Dataset excerpts:
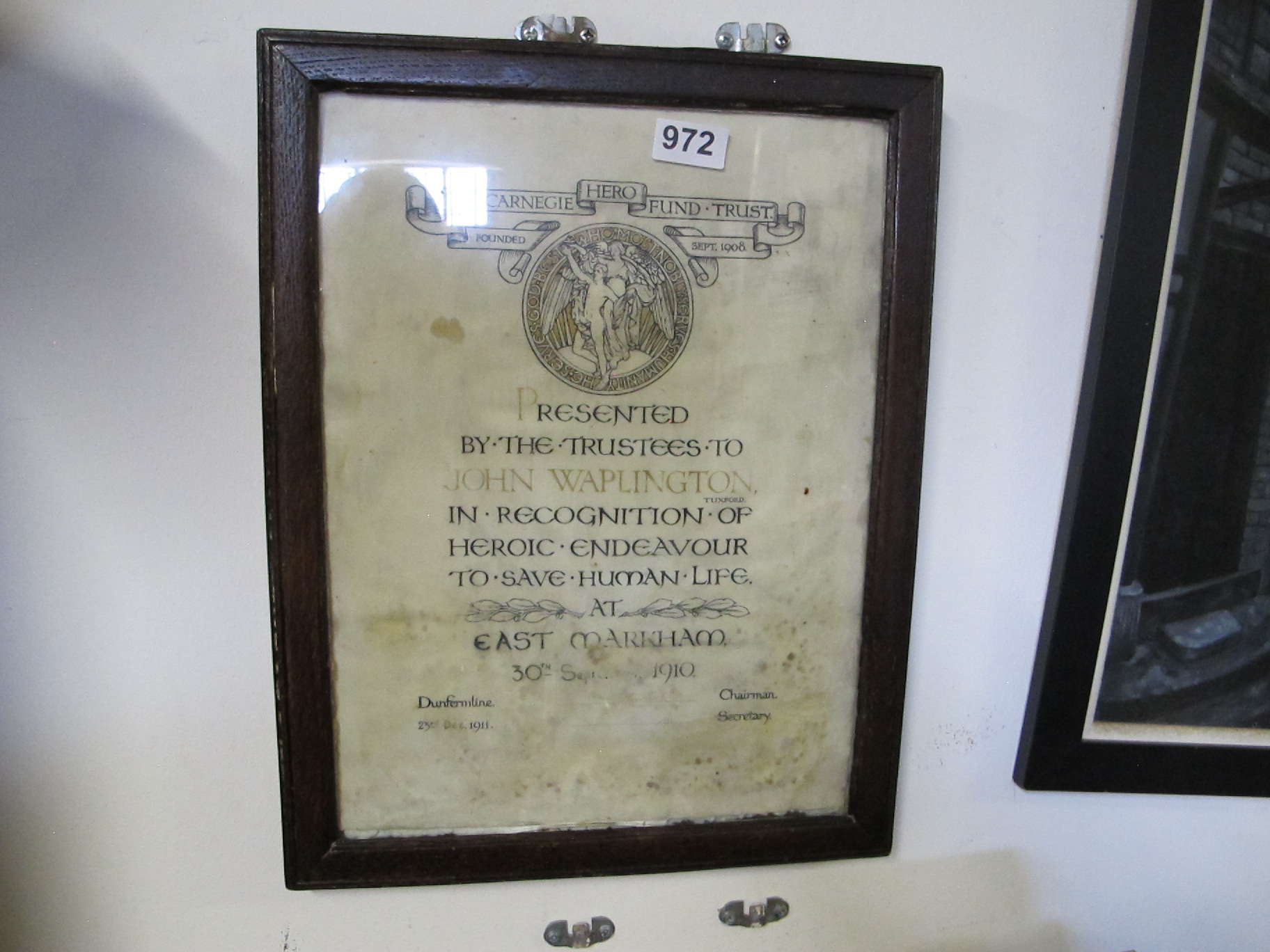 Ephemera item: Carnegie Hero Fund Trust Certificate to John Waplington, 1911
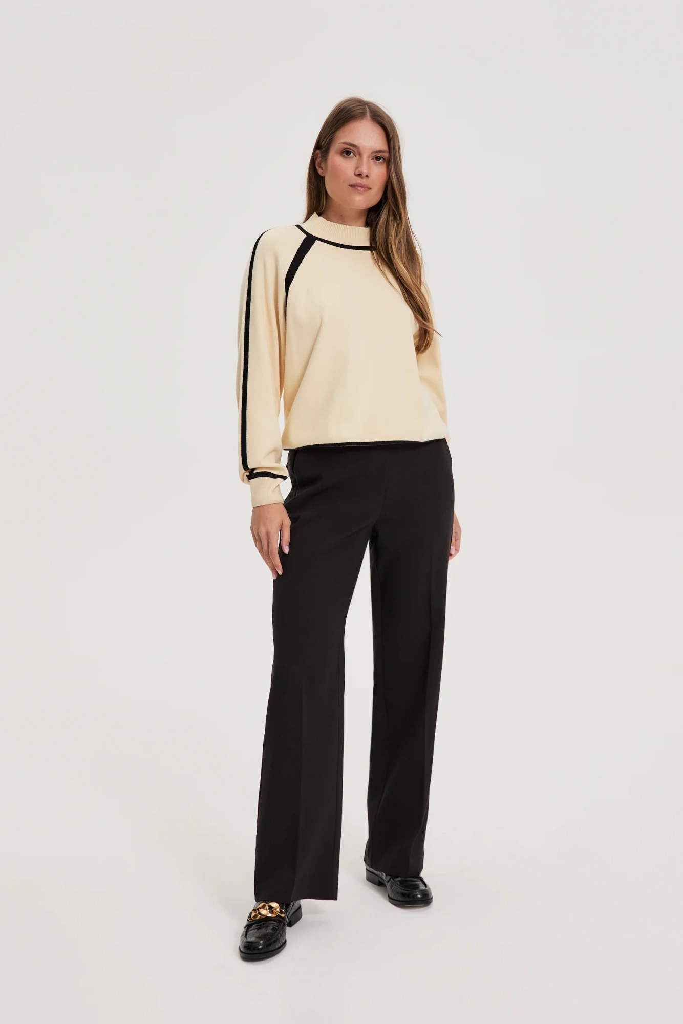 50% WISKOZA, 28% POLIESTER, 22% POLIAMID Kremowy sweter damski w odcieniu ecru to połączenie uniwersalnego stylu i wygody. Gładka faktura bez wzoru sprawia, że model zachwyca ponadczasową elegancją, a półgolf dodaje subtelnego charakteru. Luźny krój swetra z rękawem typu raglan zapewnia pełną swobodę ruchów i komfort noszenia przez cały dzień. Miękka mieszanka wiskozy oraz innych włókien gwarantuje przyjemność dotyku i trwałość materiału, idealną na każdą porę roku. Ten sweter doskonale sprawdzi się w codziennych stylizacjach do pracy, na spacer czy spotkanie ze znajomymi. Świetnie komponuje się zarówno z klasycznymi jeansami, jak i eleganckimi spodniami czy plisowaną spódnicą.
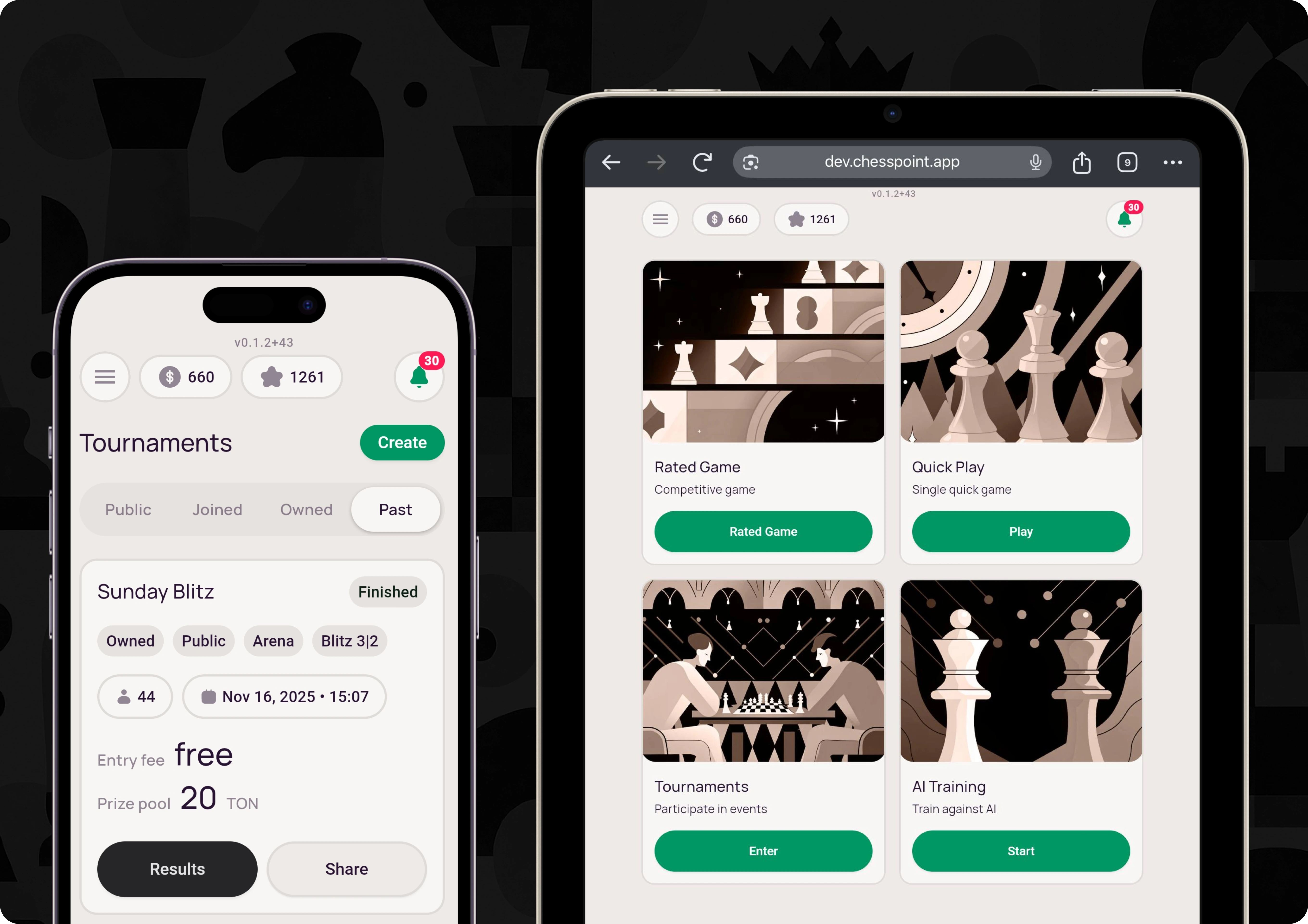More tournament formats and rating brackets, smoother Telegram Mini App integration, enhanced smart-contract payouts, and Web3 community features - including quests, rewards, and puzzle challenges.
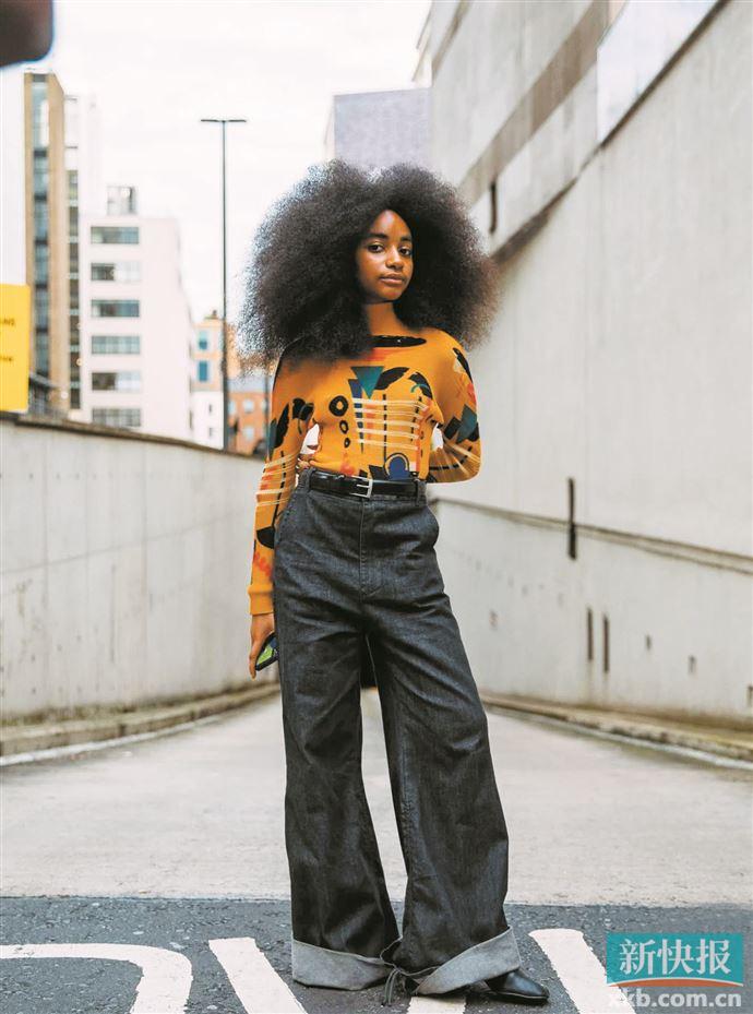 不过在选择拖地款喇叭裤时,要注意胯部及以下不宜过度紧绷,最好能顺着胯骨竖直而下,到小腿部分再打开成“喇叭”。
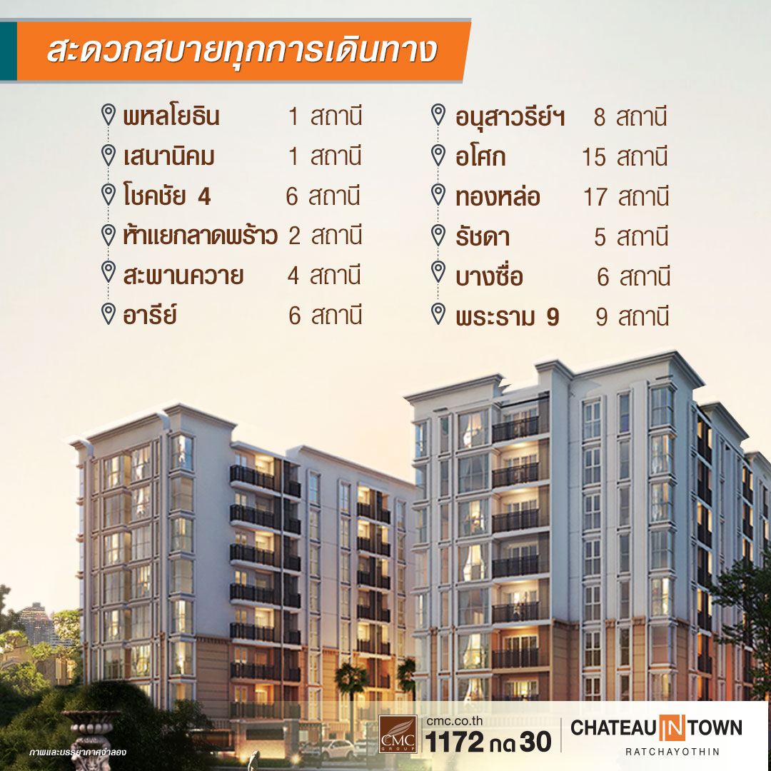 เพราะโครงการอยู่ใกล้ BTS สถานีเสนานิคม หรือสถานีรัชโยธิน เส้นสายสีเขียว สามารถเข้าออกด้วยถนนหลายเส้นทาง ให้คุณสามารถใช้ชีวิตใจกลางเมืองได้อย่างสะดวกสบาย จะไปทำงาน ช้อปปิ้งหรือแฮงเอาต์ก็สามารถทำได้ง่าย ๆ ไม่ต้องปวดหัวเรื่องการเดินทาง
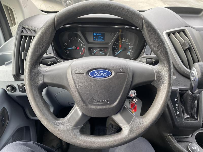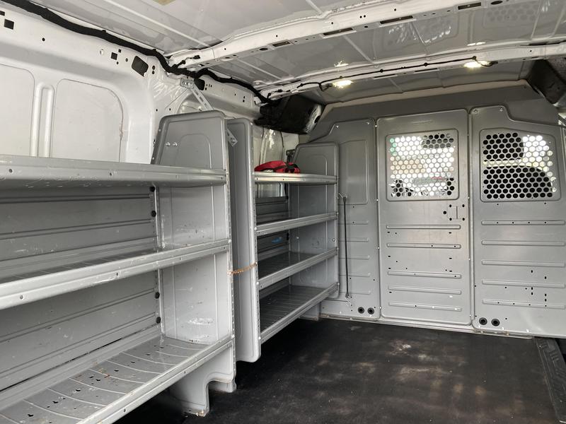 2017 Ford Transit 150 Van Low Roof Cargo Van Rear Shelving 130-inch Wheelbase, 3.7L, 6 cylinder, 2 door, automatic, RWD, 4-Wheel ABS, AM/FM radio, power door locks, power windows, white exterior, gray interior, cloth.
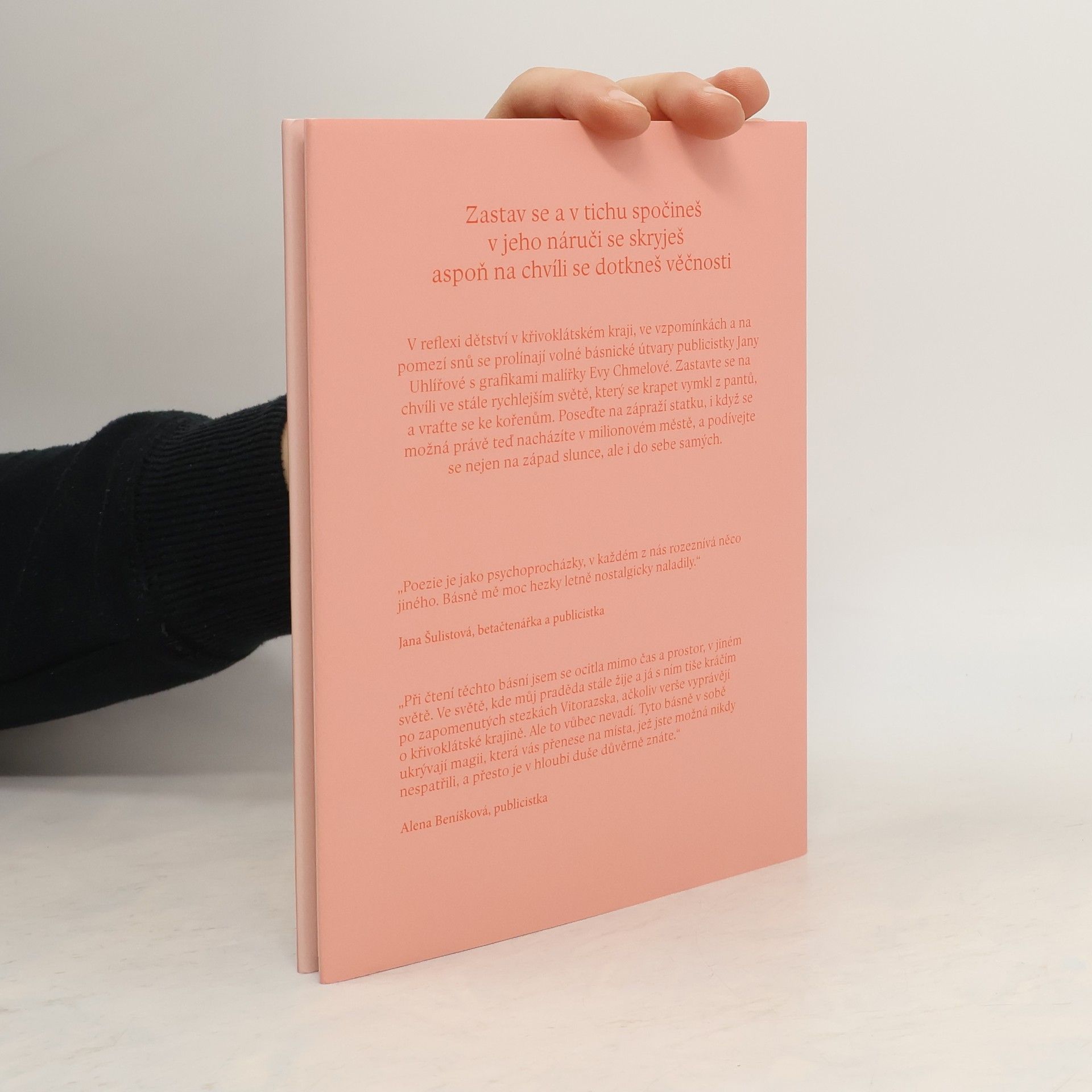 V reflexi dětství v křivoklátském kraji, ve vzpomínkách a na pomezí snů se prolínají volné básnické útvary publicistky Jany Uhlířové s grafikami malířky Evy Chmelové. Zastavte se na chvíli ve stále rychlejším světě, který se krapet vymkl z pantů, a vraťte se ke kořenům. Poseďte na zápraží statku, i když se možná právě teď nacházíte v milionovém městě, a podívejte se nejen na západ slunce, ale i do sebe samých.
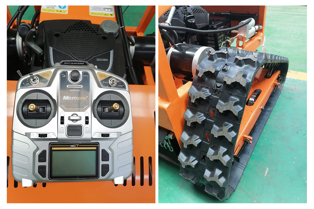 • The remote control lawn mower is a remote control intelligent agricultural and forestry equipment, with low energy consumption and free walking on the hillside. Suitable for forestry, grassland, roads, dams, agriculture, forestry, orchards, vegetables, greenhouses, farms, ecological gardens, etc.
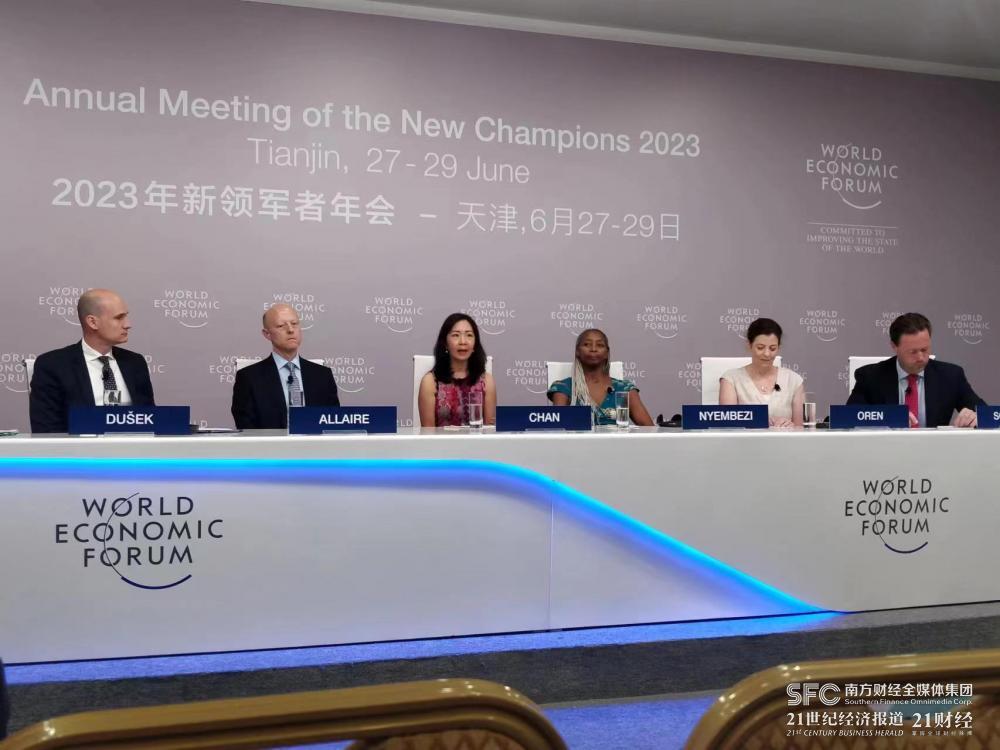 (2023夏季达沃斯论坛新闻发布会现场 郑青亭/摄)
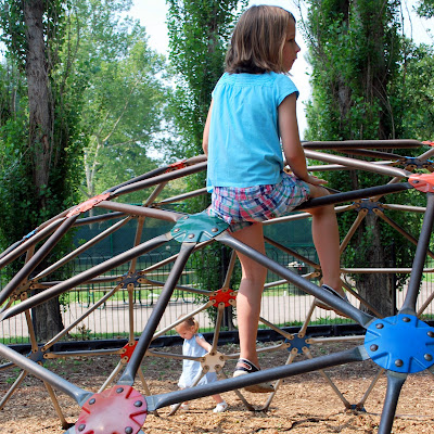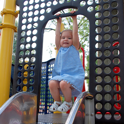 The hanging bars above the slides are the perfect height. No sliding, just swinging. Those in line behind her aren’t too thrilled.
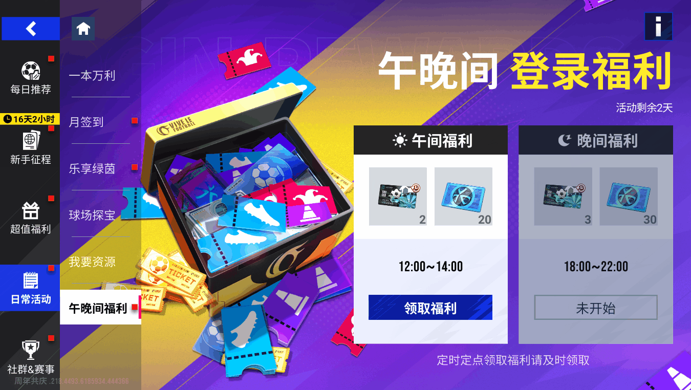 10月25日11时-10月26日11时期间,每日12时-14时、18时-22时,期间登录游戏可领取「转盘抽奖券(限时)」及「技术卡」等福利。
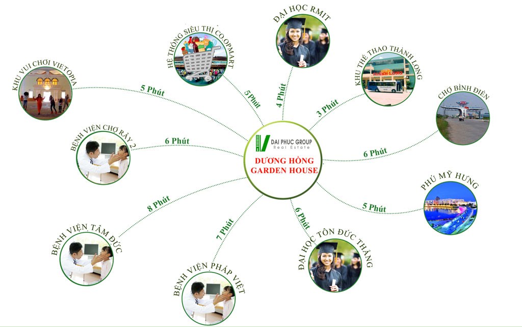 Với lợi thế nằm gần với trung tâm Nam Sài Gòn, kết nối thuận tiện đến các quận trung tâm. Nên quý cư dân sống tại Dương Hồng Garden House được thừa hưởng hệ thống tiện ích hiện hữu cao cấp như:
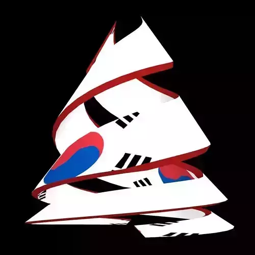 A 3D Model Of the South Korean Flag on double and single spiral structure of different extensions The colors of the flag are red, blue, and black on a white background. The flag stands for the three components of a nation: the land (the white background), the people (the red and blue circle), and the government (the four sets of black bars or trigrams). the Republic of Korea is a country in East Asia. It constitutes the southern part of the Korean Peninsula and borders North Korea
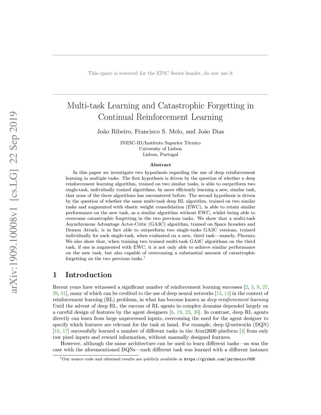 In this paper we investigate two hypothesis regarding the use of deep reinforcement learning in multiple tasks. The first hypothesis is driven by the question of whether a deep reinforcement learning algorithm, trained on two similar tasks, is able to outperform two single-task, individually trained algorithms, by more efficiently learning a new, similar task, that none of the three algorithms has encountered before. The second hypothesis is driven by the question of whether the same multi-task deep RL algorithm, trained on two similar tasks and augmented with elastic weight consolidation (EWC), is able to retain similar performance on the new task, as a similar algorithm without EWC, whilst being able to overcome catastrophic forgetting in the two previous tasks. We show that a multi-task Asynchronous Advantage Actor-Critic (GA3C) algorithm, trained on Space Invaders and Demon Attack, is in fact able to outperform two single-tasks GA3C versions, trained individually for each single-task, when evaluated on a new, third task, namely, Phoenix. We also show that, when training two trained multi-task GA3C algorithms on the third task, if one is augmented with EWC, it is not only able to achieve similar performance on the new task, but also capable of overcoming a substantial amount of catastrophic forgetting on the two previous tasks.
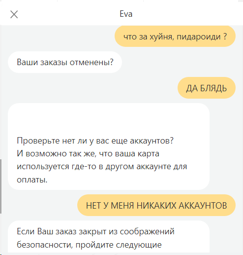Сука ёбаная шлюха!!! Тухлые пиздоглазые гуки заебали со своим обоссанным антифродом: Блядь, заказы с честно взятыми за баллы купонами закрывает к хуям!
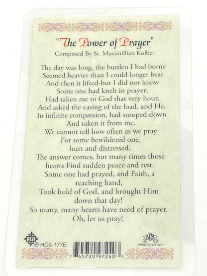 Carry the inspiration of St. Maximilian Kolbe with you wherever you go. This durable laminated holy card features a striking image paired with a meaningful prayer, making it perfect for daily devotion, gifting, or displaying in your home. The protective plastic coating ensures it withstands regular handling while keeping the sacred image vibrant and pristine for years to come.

Instructions for the task: Could you write out exactly the lines of the data above that run from the one holding "不过在选择拖地款喇叭裤时,要" to the one holding "2017 Ford Transit", with both ends in and all pictures out?

Solution below:
 不过在选择拖地款喇叭裤时,要注意胯部及以下不宜过度紧绷,最好能顺着胯骨竖直而下,到小腿部分再打开成“喇叭”。
 เพราะโครงการอยู่ใกล้ BTS สถานีเสนานิคม หรือสถานีรัชโยธิน เส้นสายสีเขียว สามารถเข้าออกด้วยถนนหลายเส้นทาง ให้คุณสามารถใช้ชีวิตใจกลางเมืองได้อย่างสะดวกสบาย จะไปทำงาน ช้อปปิ้งหรือแฮงเอาต์ก็สามารถทำได้ง่าย ๆ ไม่ต้องปวดหัวเรื่องการเดินทาง
 2017 Ford Transit 150 Van Low Roof Cargo Van Rear Shelving 130-inch Wheelbase, 3.7L, 6 cylinder, 2 door, automatic, RWD, 4-Wheel ABS, AM/FM radio, power door locks, power windows, white exterior, gray interior, cloth.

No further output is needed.